## Aim of the task
Pictures are to be dropped, and only the lines from the one containing "展示会上,25支暑期社会实践" through the end of the data below are to be reproduced as written.

## Dataset section
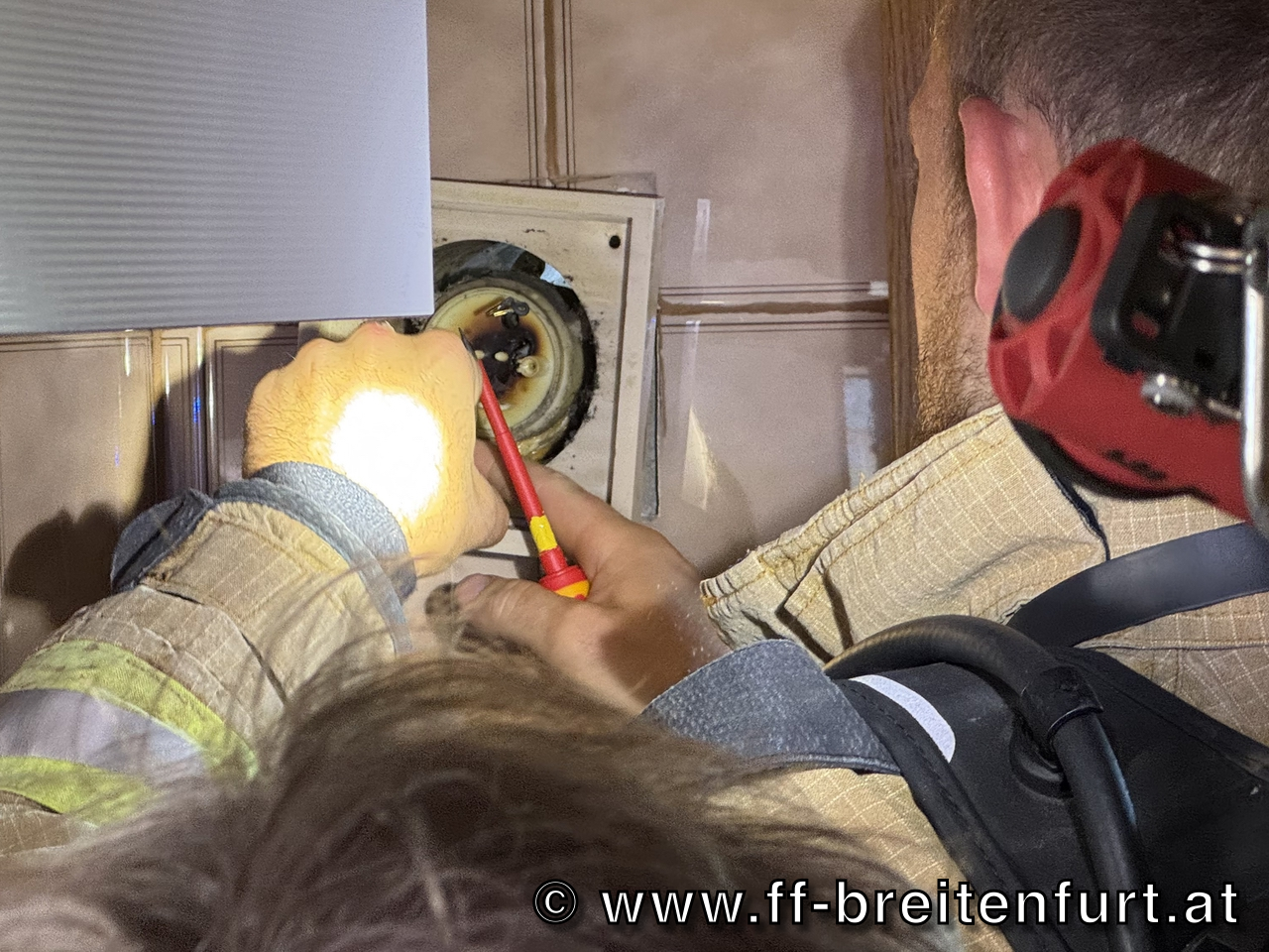 Bei unserem Eintreffen war ein leichter Brandgeruch wahrnehmbar. Im Zuge der Erkundung konnte festgestellt werden, dass es sich um den Abluftventilator im Badezimmer handelte.
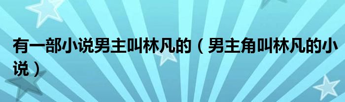 关于有一部小说男主叫林凡的,男主角叫林凡的小说这个很多人还不知道,今天菲菲来为大家解答以上的问题,现在让我们一起来看看吧!
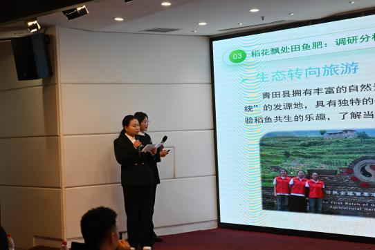 展示会上,25支暑期社会实践优秀团队代表按序与我们分享自己的实践故事以及成果。有的团队来到杭州市淳安县,结合团队成员专业优势发展淳安特色文化、农产品服务助推淳安;有的团队进入金华市武义县桐琴镇,开设与当地文化、历史、自然资源等相关的课程,培养学生对家乡的认同感和自豪感;有的团队来到宁波市镇海区,实地调查当地乡村经济发展状况,分析其农业、农村和农民的发展状况和存在问题,了解其收入来源和乡村面貌的变化通过走访等形式,联系助力乡村农业的新型农业人,与他们共同探讨乡村的进一步发展与未来规划;有的团队来到福建省龙岩市长汀县,探寻红色足迹,传承长征精神。
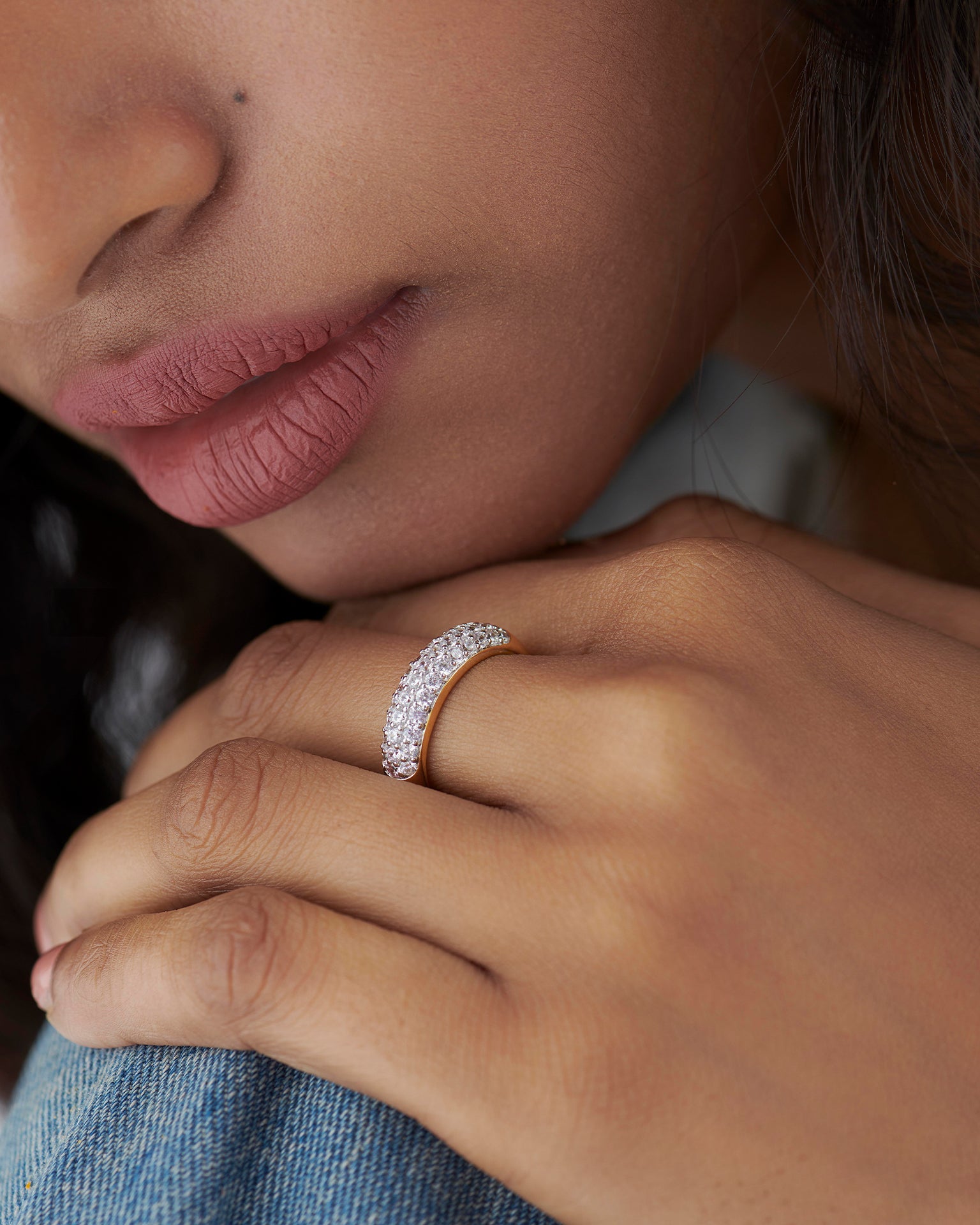 This 14kt gold vermeil half eternity band features 1.01 ct of tyre pavé-set diamonds—timeless design with a bold, modern twist.

## Exercise response
 展示会上,25支暑期社会实践优秀团队代表按序与我们分享自己的实践故事以及成果。有的团队来到杭州市淳安县,结合团队成员专业优势发展淳安特色文化、农产品服务助推淳安;有的团队进入金华市武义县桐琴镇,开设与当地文化、历史、自然资源等相关的课程,培养学生对家乡的认同感和自豪感;有的团队来到宁波市镇海区,实地调查当地乡村经济发展状况,分析其农业、农村和农民的发展状况和存在问题,了解其收入来源和乡村面貌的变化通过走访等形式,联系助力乡村农业的新型农业人,与他们共同探讨乡村的进一步发展与未来规划;有的团队来到福建省龙岩市长汀县,探寻红色足迹,传承长征精神。
 This 14kt gold vermeil half eternity band features 1.01 ct of tyre pavé-set diamonds—timeless design with a bold, modern twist.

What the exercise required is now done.